- Theatrical release poster
- Directed by: Kathlyn Horan
- Produced by: Kathlyn Horan; Julie Goldman; Christopher Clements; Carolyn Hepburn;
- Cinematography: Jessica Young
- Edited by: Brady Hammes
- Music by: Tanya Tucker; Brandi Carlile; Phil Hanseroth; Tim Hanseroth;
- Production companies: Motto Pictures; Impact Partners; Artemis Rising Foundation; TinFish Films; Fit Via Vi;
- Distributed by: Sony Pictures Classics
- Release dates: March 13, 2022 (SXSW); October 21, 2022 (United States);
- Running time: 108 minutes
- Country: United States
- Language: English
- Box office: $93,275

= The Return of Tanya Tucker: Featuring Brandi Carlile =

The Return of Tanya Tucker: Featuring Brandi Carlile is a 2022 American documentary film, directed and co-produced by Kathlyn Horan. It follows Tanya Tucker returning to the studio to record her first album in 10 years, While I'm Livin', collaborating with Brandi Carlile.

The documentary film had its world premiere at South by Southwest on March 13, 2022, and was released in the United States on October 21, 2022, by Sony Pictures Classics. It became available on Blu Ray, DVD and digital on Jan 10, 2023.

==Plot==
Decades after Tanya Tucker slipped from the spotlight, music star Brandi Carlile writes an entire album for her hero based on Tanya's extraordinary life, spurring the greatest comeback in country music history.

==Awards==
• SXSW Audience Award - Winner

• Hollywood Music in Media Awards - “Ready As I’ll Never Be” - Best Song, Documentary - Winner (Tanya Tucker & Brandi Carlile)

• Satellite Award for Best Documentary Film - Nominee

• Guild of Music Supervisors Award - Best Song Written and/or Recorded for a Film - Nominee (Ready as I’ll Never Be - Tanya Tucker/Brandi Carlile)
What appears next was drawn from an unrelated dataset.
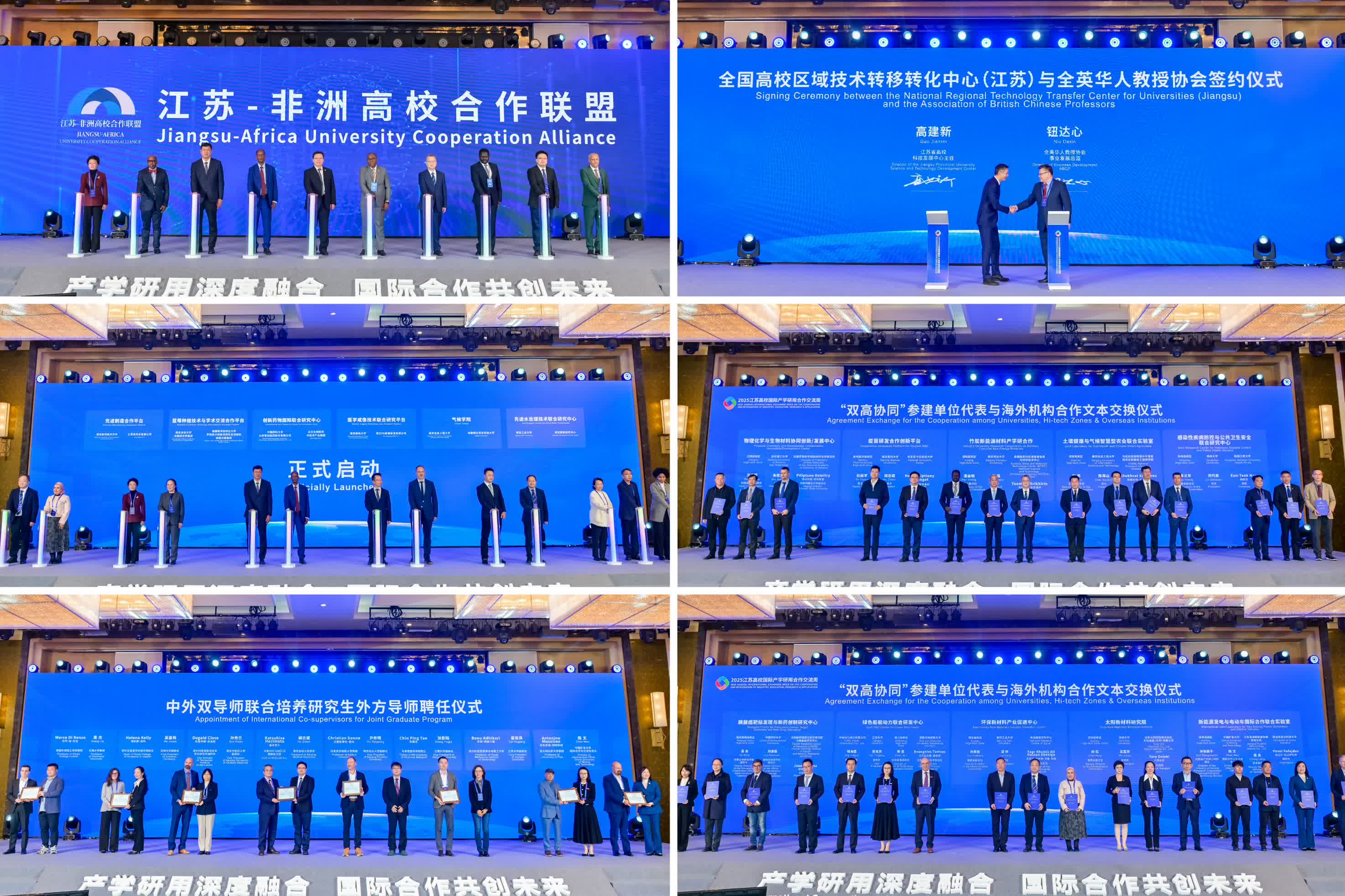 开幕式现场举行了江苏—非洲高校联盟成立仪式,发布了江苏高校国际产学研用十大合作成果。南京航空航天大学、南京农业大学等江苏高校与土耳其、美国等国外高校和企业签署了6项国际产学研用合作平台协议。东南大学、南京林业大学等8所高校现场聘任了一批中外双导师联合培养研究生外方导师。全国高校区域技术转移转化中心(江苏)与全英华人教授协会签署了合作备忘录。南京理工大学、苏州大学等高校与江阴高新区、苏州高新区等高新区,以及法国国家健康与医学研究院等海外机构签署了10个三方合作协议。

• Music City Film Critics - Jim Ridley Award - Nominee

• Woodstock Film Festival - Best Editing - Winner

• Critics Choice Documentary Awards - Best Music Documentary - Nominee

• Cleveland International Film Festival - Best Documentary - Nominee

==Release==
The film had its world premiere at South by Southwest on March 13, 2022. Shortly after, Sony Pictures Classics acquired distribution rights to the film. The film was screened at the 2022 Toronto International Film Festival on September 12, 2022 and was released on October 21, 2022.

The film was accompanied by the song "Ready as I'll Never Be", which was written by Tucker and Carlile. The song was subsequently included on Tucker's album Sweet Western Sound.

The movie was added to Netflix US on October 1, 2023.

==Reception==
The Return of Tanya Tucker: Featuring Brandi Carlile received positive reviews from film critics. On Rotten Tomatoes it has a 92% approval rating based on reviews from 48 critics. The website's consensus reads, "Lengthy title notwithstanding, The Return of Tanya Tucker: Featuring Brandi Carlile pays affectionate tribute to the powerful purity of both artists' music."